Michael Kurtz’s primary research interest is in education economics. Specifically, he studies how to measure teaching effectiveness and how those measures can be used to their full potential without overstating the inference gained. His research on education intersects with health economics with his work on understanding how weekend nutrition affects scholastic outcomes such as test scores, absences and behavioral incidents.
Weekend Feeding Programs Can Boost Children’s Educational Outcomes
Weekend feeding or “BackPack” programs that provide food to children have grown dramatically in recent years, but their impacts on educational outcomes have not been studied. My team and I have new research that provides the first evidence of the effects of weekend feeding programs on academic performance in the form of increased end of grade test scores.
Our study combined administrative student data on test scores and absences in Northwest North Carolina elementary schools with primary data gathered from a foodbank about the number of participating children.
We observed how economically disadvantaged students performed on end of grade tests, both before and after the BackPack program was introduced to a school. After controlling for student and school characteristics known to impact test scores, such as the student to teacher ratio, we compared the economically disadvantaged students to non-disadvantaged students in the same school and to disadvantaged students who attended schools that did not get the benefit of the Backpack program.

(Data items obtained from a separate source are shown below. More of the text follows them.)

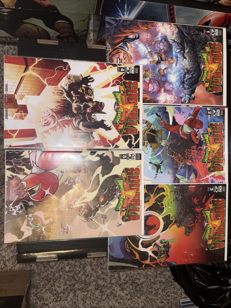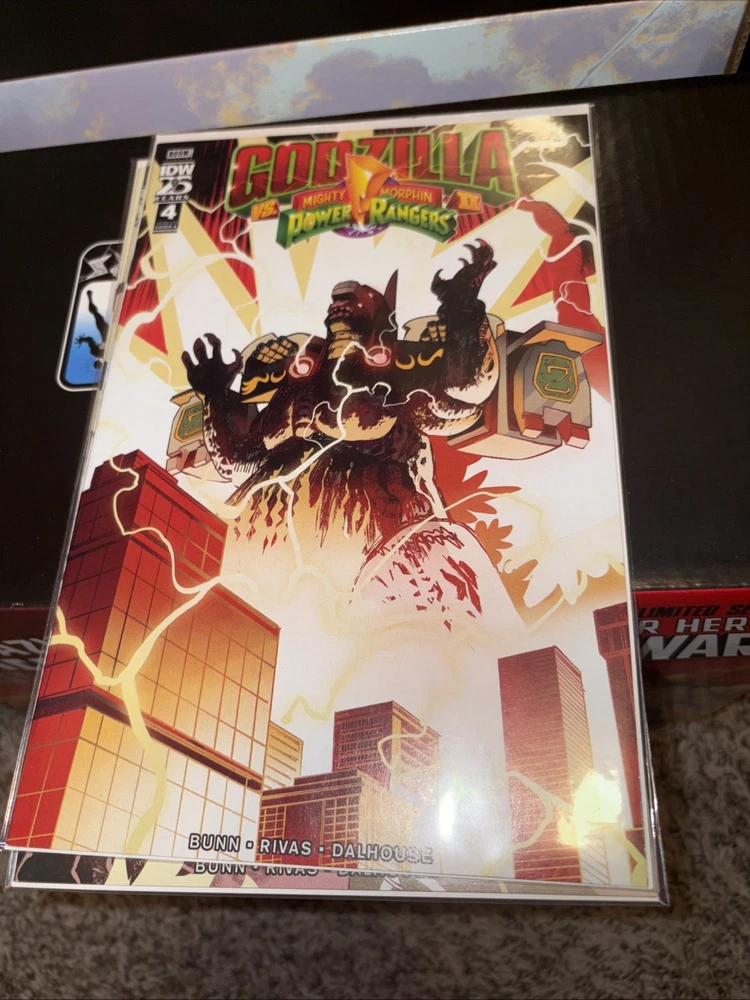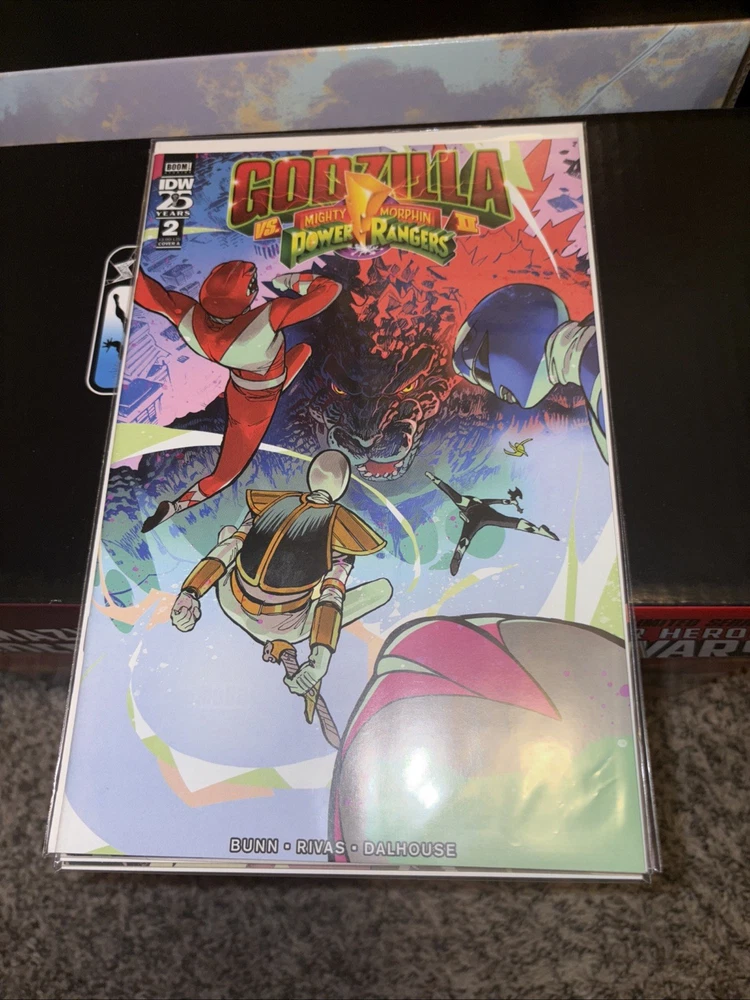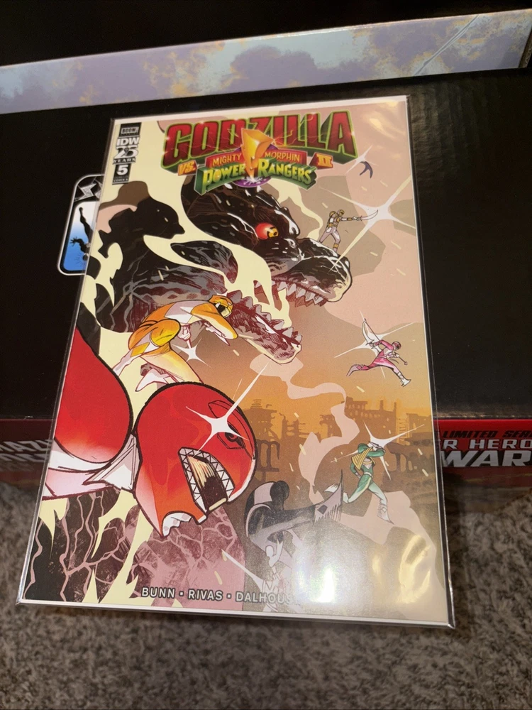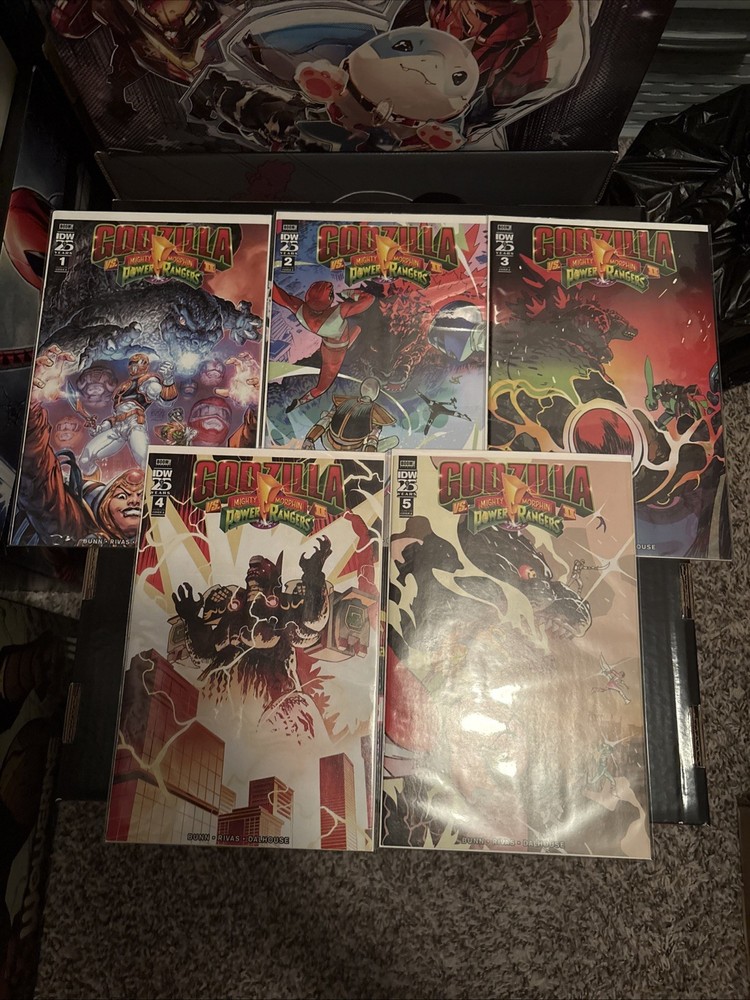 The product is a complete series of comic books titled "Godzilla vs. Mighty Morphin Power Rangers II" #1-5, featuring artwork by Cullen Bunn and published by IDW Publishing. The comics take place in the Power Rangers universe and follow an adventure genre with elements of science fiction. The series, aimed at a general audience, is in English and was published in 2024, making it part of the Modern Age era of US Comics. The first issue of the series is available, providing fans with an exciting addition to their collection.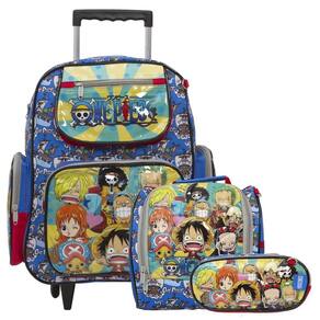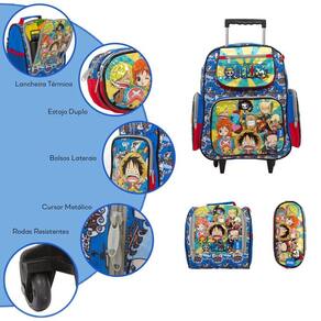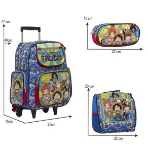 Kit Mochila Escolar Infantil One Piece Rodinhas, acompanha lancheira e estojo. Possui alça de mão reforçada. Agora você pode levar sua mochila no seu dia a dia ou acompanhar você na escola. Sua abertura maior se dá por zíper com puxador. Na parte de dentro possui amplo espaço para a guardar diversos materiais como cadernos, livros e estojos. Na parte da frente, possui bolso com zíper para a guardar pertences de menor tamanho e bolsos laterais.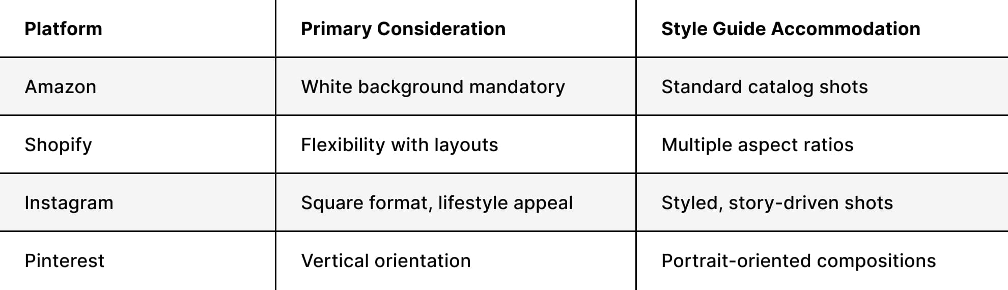 Each marketplace and platform has technical requirements that might influence your shooting approach. Your style guide should include platform-specific variations while maintaining brand consistency.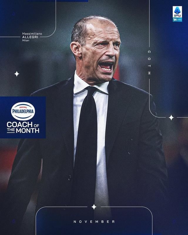 - 官方:AC米兰主帅阿莱格里当选意甲11月最佳教练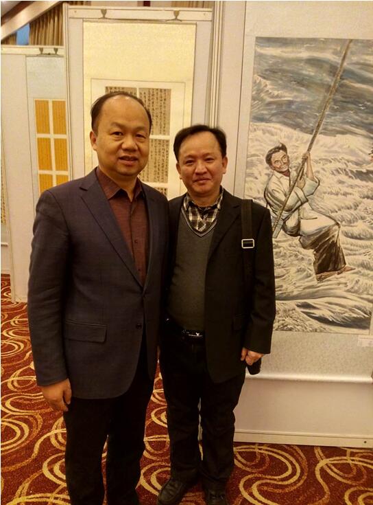 國家衛(wèi)生計生委副主任、委書法美術協會主席金小桃在國畫《索道醫(yī)生》畫前與作者張永明合影。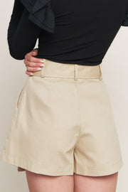 A solid woven tan skort featuring side pocket, self belt and side zipper closure.
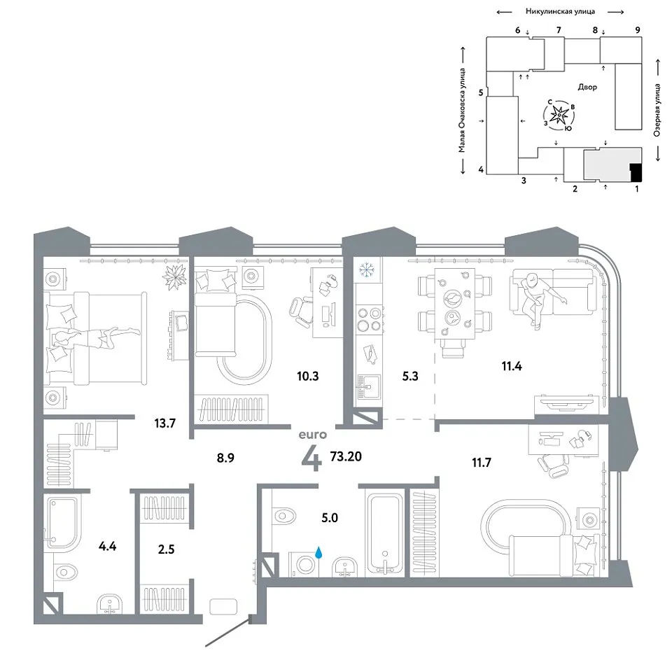 Купить новую четырехкомнатную квартиру 73.2 м² на 30/30 этаже в ЖК «Страна.Озёрная», г. Тюмень за 59320000 ₽ | Агентство недвижимости «Вплюсе.Топ» — Недвижимость России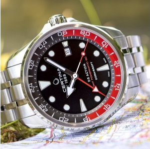 • Funkce a popis:Čas, datum, duální čas = GMT, strojek swiss ETA Powermatic 80.661 GMT – 23 kamenů = rezerva chodu 80 hodin, polokmity setrvačky 21.600/h = diference 3 - 5 vteřin denně, svítící ručky a indexy, šroubovací krytá korunka, automatický + ruční nátah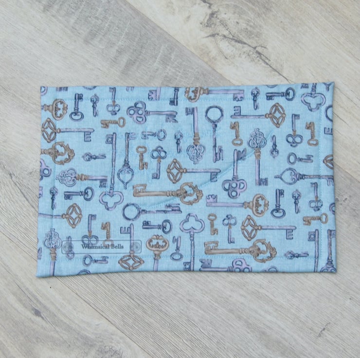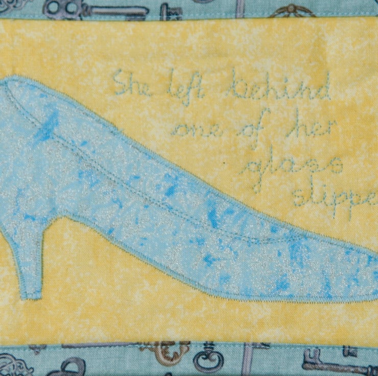 The front has a yellow background and features an appliqué glass slipper. The back is a print fabric which features old fashioned keys, with a middle layer of cotton wadding. The quilting of the three layers is used to give detail and depth to the slipper and also to add the 'She left behind one of her glass slippers' quote from the classic fairytale.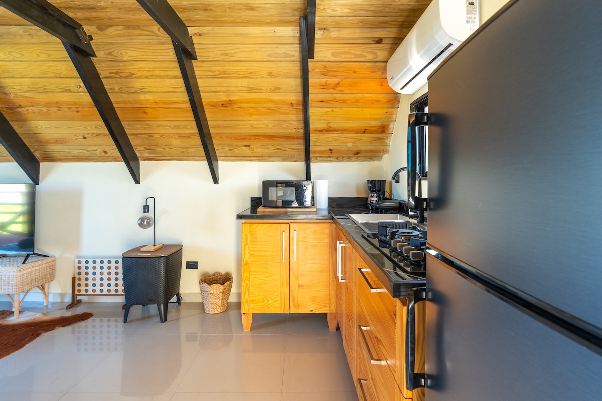 Το σπίτι μας, 46 τ.μ., φωλιασμένο ανάμεσα σε πανύψηλα δέντρα και μόλις 20 μέτρα από την ιδιωτική σας είσοδο στο Río de Yásica, προσφέρει έναν αρμονικό συνδυασμό σύγχρονης άνεσης και φυσικής ομορφιάς. Η προσεκτικά σχεδιασμένη κυβική δομή μεγιστοποιεί τον χώρο και την άνεση, με μια ανοιχτή διάταξη που ενσωματώνει άψογα το υπνοδωμάτιο, το σαλόνι, την κουζίνα και το μπάνιο, δημιουργώντας μια ευρύχωρη και φιλόξενη ατμόσφαιρα. Τα μεγάλα παράθυρα προσφέρουν εκπληκτική θέα στο δάσος και το ποτάμι, συνδέοντάς σας με τον φυσικό κόσμο.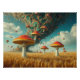 Psychedelisch Paisley Mushroom Poster. Dieses Poster zeigt psychedelische Pilze aus Pisley, die wie ein Tornado über die Getreidefelder von Kansas fliegen, mit winzigen Samen und Sporen, die im Wind schwingen.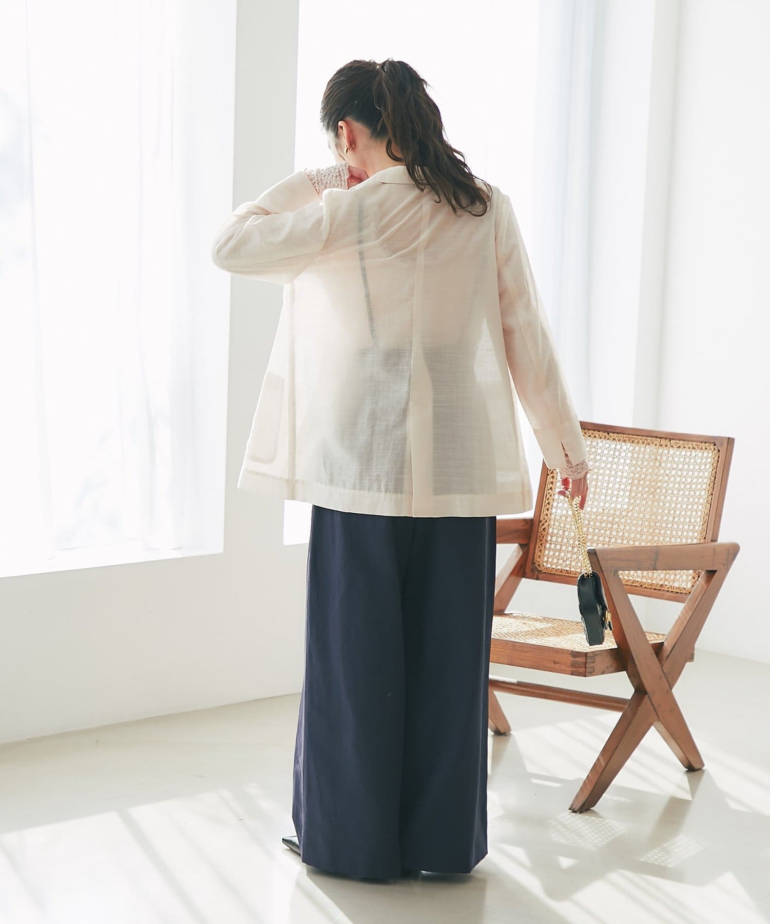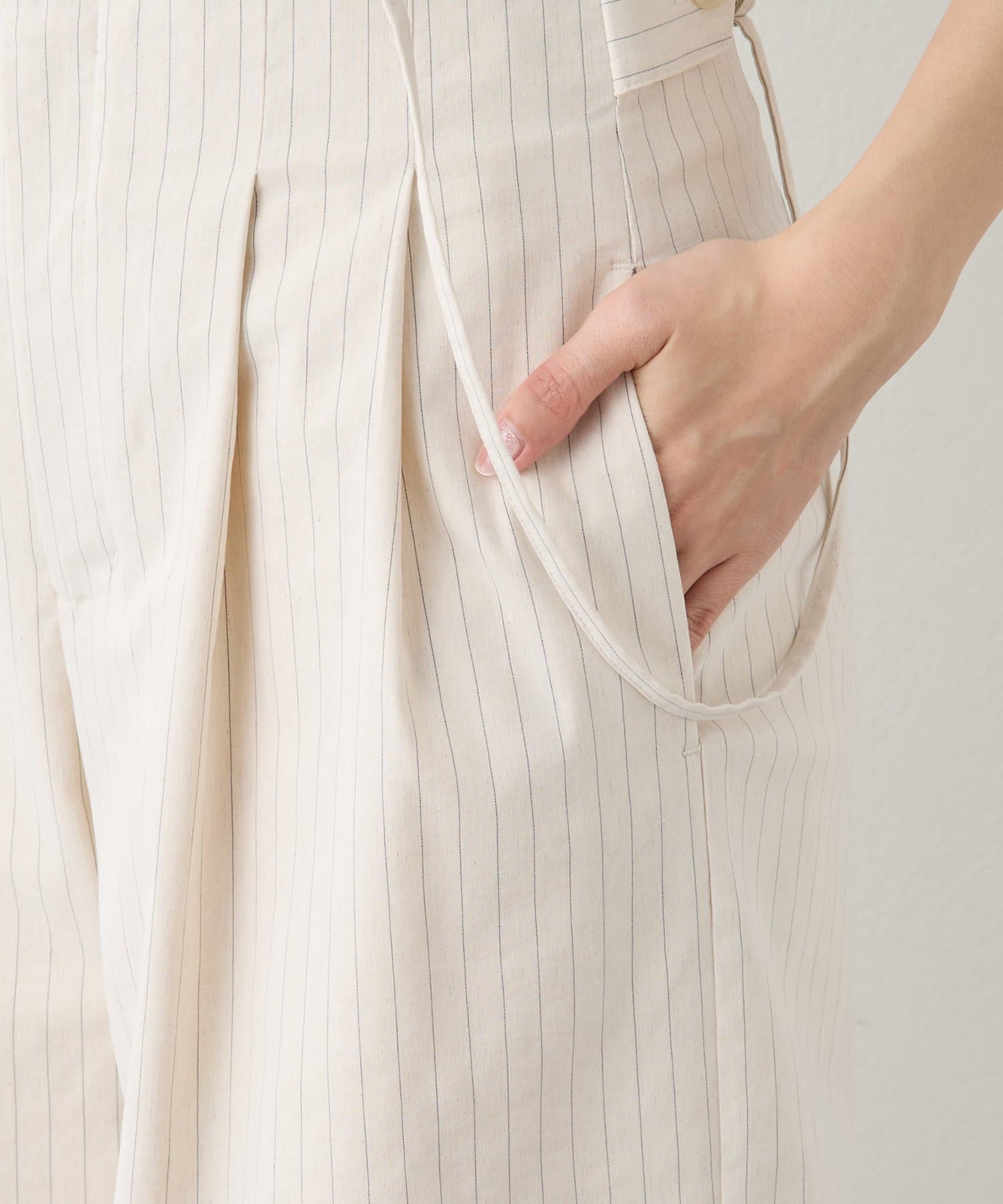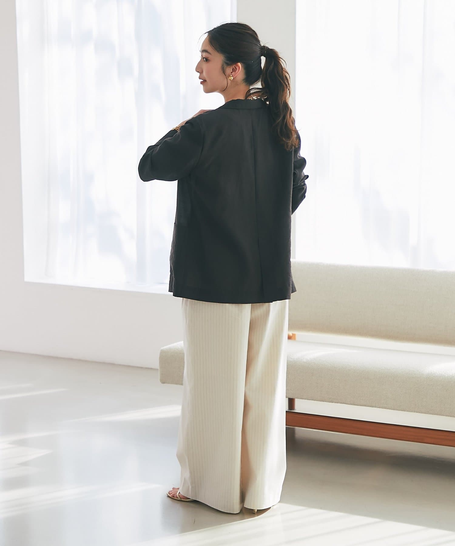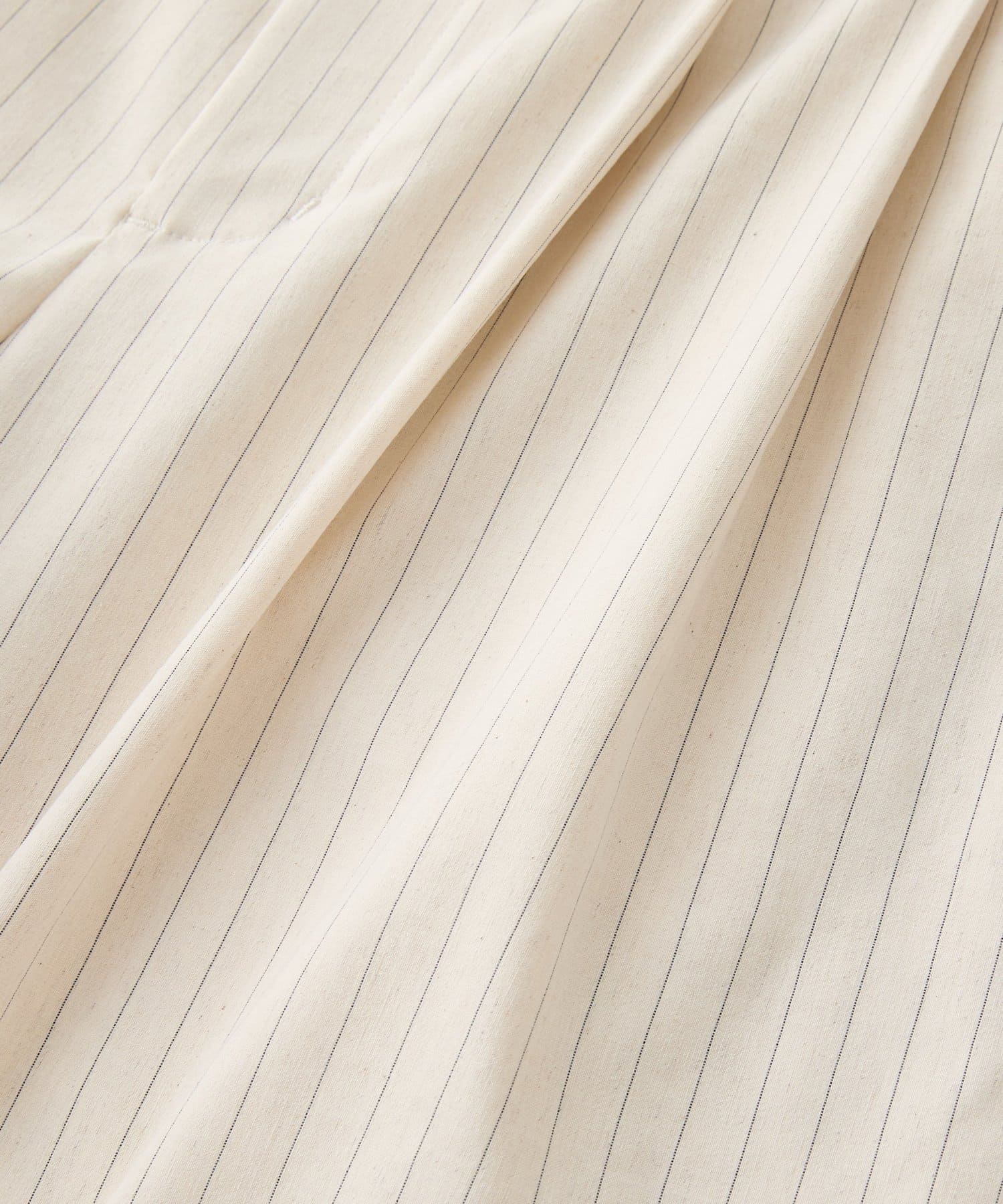 リネンのナチュラルさを生かしつつハリ感とキックバックのあるストレッチ性の程よいバランスで履き心地の良い生地です。

Specifically, we measured the impact in standard deviations and found a sizable .09 increase in reading scores for economically disadvantaged students at BackPack schools and suggestive evidence of similar beneficial effect for math scores. This magnitude is comparable to those found for other nutritional interventions like expansion of school breakfast programs.
These effects are large enough to substantially reduce the performance gap experienced by economically disadvantaged students and appear strongest for the younger primary school students, around third grade, and weaker performing students.
This study provides strong evidence that expansion of these programs could be a cost-effective way to not only reduce childhood food insecurity but also improve scholastic outcomes for the neediest students.